East River nach Brooklyn. Meiner Partnerin Brigitte Schmid war es in den Nächten zu laut, im Sommer zu heiss, den bissigen Gestank toter Meeresfrüchte hielt sie nicht mehr aus. Gleich neben dem Haus liegt die röhrende Autobahn, die um Manhattan führt. Nie hätte sie hier Kinder gehabt. Und wir wollten eine Familie. Als Brasco sah Pistone seine Familie nur alle sechs Monate während zwei Tagen. Trotzdem ist er noch immer verheiratet. «Meine Frau weiss, dass mir enorm wichtig ist, was ich mache.» Mir ist enorm wichtig, was ich mache. Bei einem Reporter überlappen sich Beruf und Alltag. Selten hat er Feierabend. Ständig sucht er Geschichten. Er findet sie, während die Tochter kleckert. Er lebt im Haus der Mafia, die der Cop unterwandert, den er später trifft.
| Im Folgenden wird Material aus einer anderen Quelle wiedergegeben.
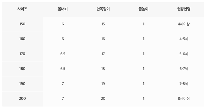 尺寸表由左至右為:尺寸、鞋寬、腳長、跟高、建議年齡
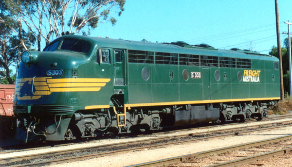 S303 was leased to Freight Australia by its owners, the Seymour Railway Heritage Centre, to make up for a shortage in large horsepower locomotives. On 14-5-2002, S303 was at Mildura on second engine duties. Photo: Bruce McLean
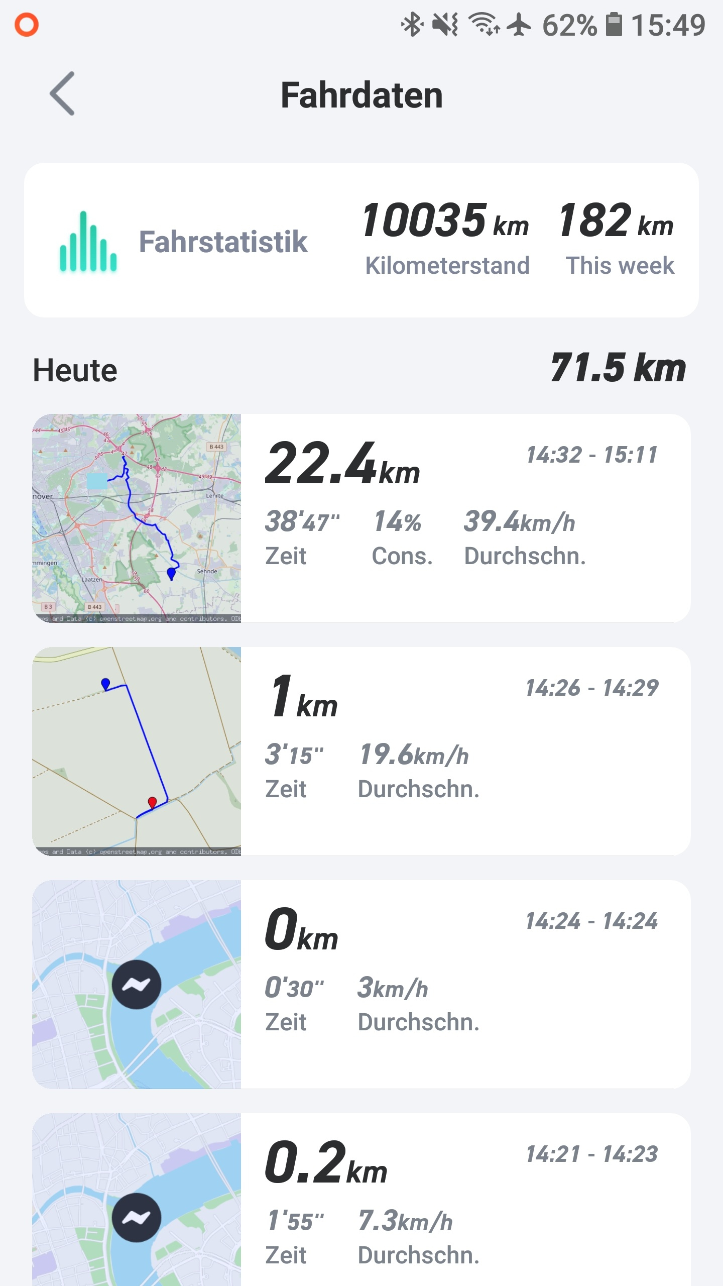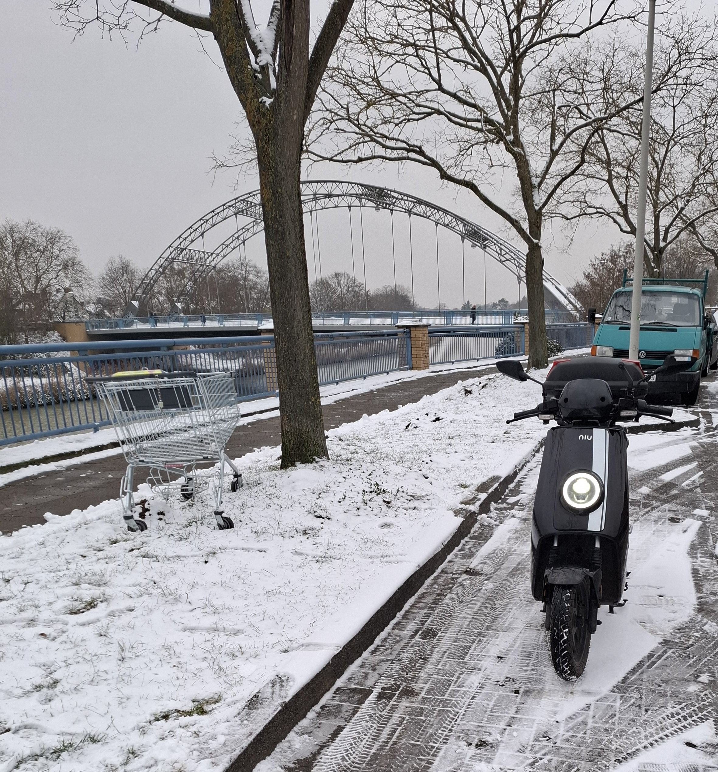 heute war das Wetter gut und ich hatte Zeit. Also mal den NIU raus und ne Reichweiten fahrt gemacht. Es ging mit Vollgas ( 54 km/h ) durch die Stadt ( ca. 10 % ) und den Rest über Landstraße und durch Dörfer. Zu 95 % mit Tempomat gefahren. Wind 17 km/h aus N-O Temperatur 8°.
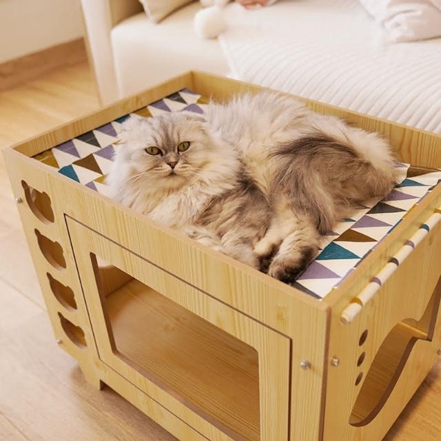 悠悠小鋪貓窩狗窩木質雙層吊床窩 一體貓咪用品貓窩 軟墊鏤空拼接組裝貓舍 寵物睡床 吊床設計 離地設計 40*44*55cm
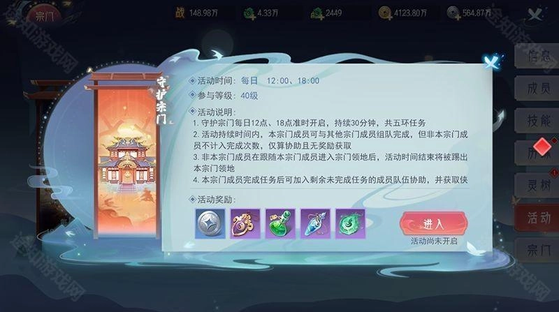 加入宗门,每日12:00、18:00开启
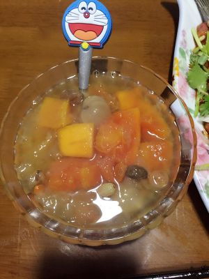 放入桂圆和冰糖煮十分钟,最后加小块木瓜和葡萄干枸杞子煮五分钟。

Im Griff hat mich die Neugier, dieses heimtückische Biest. Es ist nie satt, will immer mehr. Es lockt und trägt mich an aussergewöhnliche Orte, zu Menschen, die Persönliches, manchmal Intimes preisgeben. Was nicht einfach ist für jene, die ich liebe, mit denen ich lebe, die ich zurücklasse. Sie müssen mich mit jenen teilen, über die ich schreibe. Diese liebe ich nicht, aber gernhaben muss ich sie, mich ihnen öffnen, egal, wo sie weltanschaulich stehen. Nur so geben sie preis, was ich bei ihnen suche: eine Geschichte, die bleibt, die mehr ist als eine schnelle Schlagzeile.